Жюли перевернула пачку, решив начать изучение с ранних посланий. Это были кое-как нацарапанные коротенькие записки без обращения и подписи, сделанные на обрывках нотных листов, театральных программок и даже клочках газетной бумаги. Многое уже просто нельзя было разобрать, так как автор посланий пользовался для писания всем, что под руку попадется: углем, графитом, сангиной. Более читабельны оказались записки, написанные плохого качества, сильно выцветшими чернилами. Почерк был маловыработанным, детским; на одно слово приходилось по две-три орфографические ошибки, пунктуация практически отсутствовала. От содержания этих писем Жюли пробрал мелкий озноб. В одной из записок говорилось: «Мне холодно не могу согреться достал одеяло оно с дырками…». В другой: «Поймал крысенка он такой смешной…». Развернув довольно большой обрывок театральной афиши, Жюли с трудом сдержала слезы. Примитивный детский рисунок изображал упрощенную человеческую фигурку (ее трудно было назвать женской) в короткой пышной юбке с расставленными в стороны ручками-палочками и поднятой палочкой-ножкой. Подпись под рисунком гласила: «Ты так танцуешь». После множества подобных записок и чуть более реалистичных рисунков Жюли нашла половину листа почтовой бумаги, где красными чернилами уже более уверенной, но, несомненно, той же самой рукой были выведены три слова: «Я его убью», а в качестве подписи нарисована скрученная в петлю удавка.
Следующее послание было вложено в конверт.

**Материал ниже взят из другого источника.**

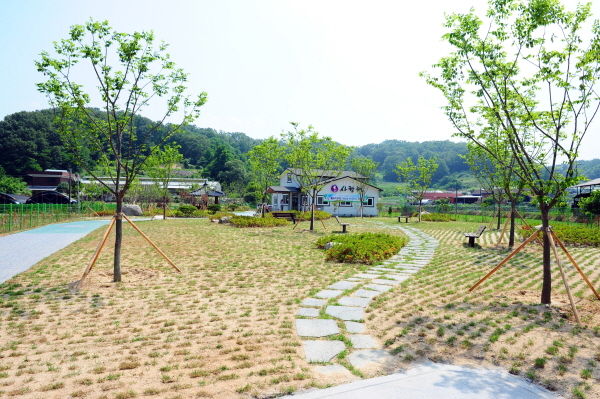 | 김천시는 지난해 산림청 녹색사업단의 녹색자금(복권기금) 지원 공모사업에 선정된 하로고개길(양천동) 173번지 한사랑채에 장애여성과 지역주민의 심신안정과 휴양증진의 장소가 될 수 있도록 복지시설 나눔숲을 조성하였다.

Его содержание произвело на Жюли едва ли не большее впечатление, чем предыдущая записка с угрозой, но уже совершенно по иным основаниям. Рука была та же, и письмо содержало множество ошибок и помарок, но стиль изложения резко изменился.
«Дорогая Франсуаза, я много лет не писал вам. Я не забыл вашу доброту. И в память о вашем теплом отношении обещаю никогда больше не огорчать вас. Я знаю, ваше чистое сердце простит, и вы не откажете мне в помощи…» Письмо было подписано «ПО». Речь, видимо, шла о передаче требований дирекции театра: некий другой конверт должен был попасть на стол в кабинете господина Лефевра. Но подробности своих намерений Призрак в письме не раскрывал. Дальнейшая переписка шла достаточно интенсивно: в связке оказалось не менее тридцати посланий в конвертах, все они были составлены в довольно-таки обтекаемых выражениях, не позволявших в случае чего обвинить мадам Жири в причастности к шантажу и вымогательству.
Жюли заметила, что Мэг справилась с порцией мороженого и явно с большим трудом удержалась от соблазна облизать вазочку.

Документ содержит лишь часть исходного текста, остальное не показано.